→ To do: If pictures are present, leave them out, and copy the data word for word.

→ Information supplied:
======
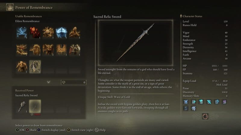 The Sacred Relic Sword is only able to be obtained after beating the main story of Elden Ring and slaying the final bosses Radagon of the Golden Order and the Elden Beast back-to-back. After defeating a significant story boss in Elden Ring, you are rewarded with a key item called a Remembrance. You can take these to the Finger Reader Eina in the Roundtable Hold, where she can exchange each Remembrance for one of two weapons of your choice, such as the Axe of Godrick or the said Sacred Relic Sword. All the Remembrance weapons are tied to the boss you defeat in some way, so it makes sense that defeating the final boss is the ultimate form of Holy power. After the epic duel between you, the lowly Tarnished guided by Grace, and the consecutive godly might of Radagon and the Elden Beast, you will be automatically rewarded the Elden Remembrance.
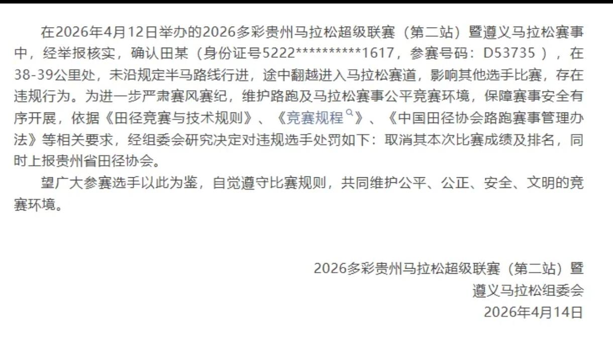 大快人心!遵义马拉松干扰丰配友冲刺者,重罚!
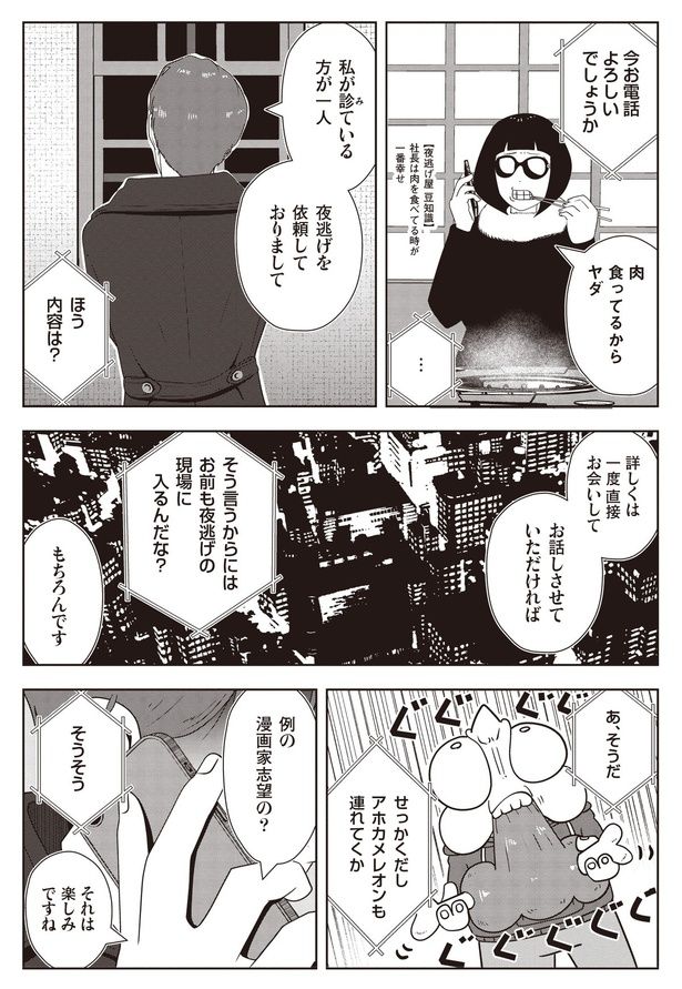 「夜逃げ屋」とは、DVをするパートナーや毒親などから逃げたい人々の引っ越しを手伝う特殊な業者。漫画家を目指していた作者・宮野シンイチはある日、TVで見かけた夜逃げ屋という仕事と、そこを取り仕切る女社長の漫画を描きたいと思い取材を申し込む。取材当日、夜逃げの現場を手伝うことになった宮野は、壮絶な現場を目の当たりにした後、社長の鶴の一声で夜逃げ屋に就職することにーー。外からは普通に見える家庭でも、一歩踏み入れると見えてくる衝撃的な現実。実際に夜逃げ屋で働く作者が、その現場をリアルに描くコミックエッセイ『夜逃げ屋日記』を、ご好評につき再連載いたします。
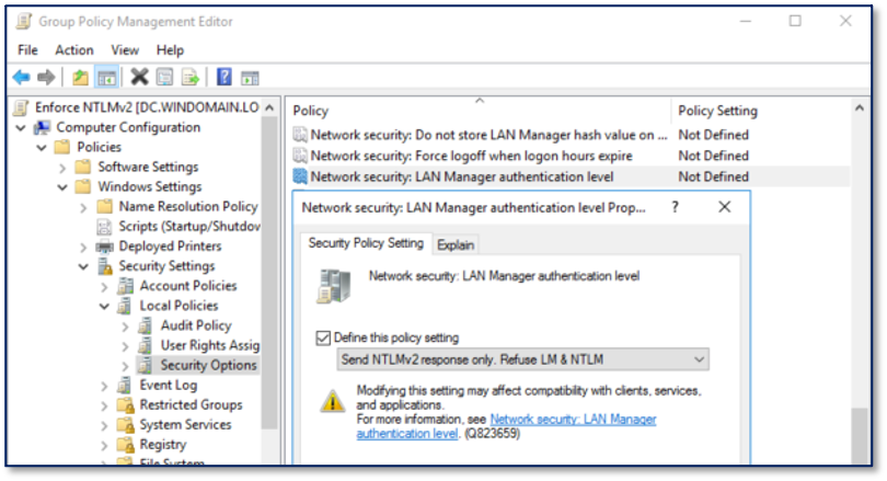 Warning: If any applications rely on NTLMv1 authentication, this GPO will break that functionality. It is recommended to test this policy before deploying across the environment.
======
→ Answer to this exercise:
 The Sacred Relic Sword is only able to be obtained after beating the main story of Elden Ring and slaying the final bosses Radagon of the Golden Order and the Elden Beast back-to-back. After defeating a significant story boss in Elden Ring, you are rewarded with a key item called a Remembrance. You can take these to the Finger Reader Eina in the Roundtable Hold, where she can exchange each Remembrance for one of two weapons of your choice, such as the Axe of Godrick or the said Sacred Relic Sword. All the Remembrance weapons are tied to the boss you defeat in some way, so it makes sense that defeating the final boss is the ultimate form of Holy power. After the epic duel between you, the lowly Tarnished guided by Grace, and the consecutive godly might of Radagon and the Elden Beast, you will be automatically rewarded the Elden Remembrance.
 大快人心!遵义马拉松干扰丰配友冲刺者,重罚!
 「夜逃げ屋」とは、DVをするパートナーや毒親などから逃げたい人々の引っ越しを手伝う特殊な業者。漫画家を目指していた作者・宮野シンイチはある日、TVで見かけた夜逃げ屋という仕事と、そこを取り仕切る女社長の漫画を描きたいと思い取材を申し込む。取材当日、夜逃げの現場を手伝うことになった宮野は、壮絶な現場を目の当たりにした後、社長の鶴の一声で夜逃げ屋に就職することにーー。外からは普通に見える家庭でも、一歩踏み入れると見えてくる衝撃的な現実。実際に夜逃げ屋で働く作者が、その現場をリアルに描くコミックエッセイ『夜逃げ屋日記』を、ご好評につき再連載いたします。
 Warning: If any applications rely on NTLMv1 authentication, this GPO will break that functionality. It is recommended to test this policy before deploying across the environment.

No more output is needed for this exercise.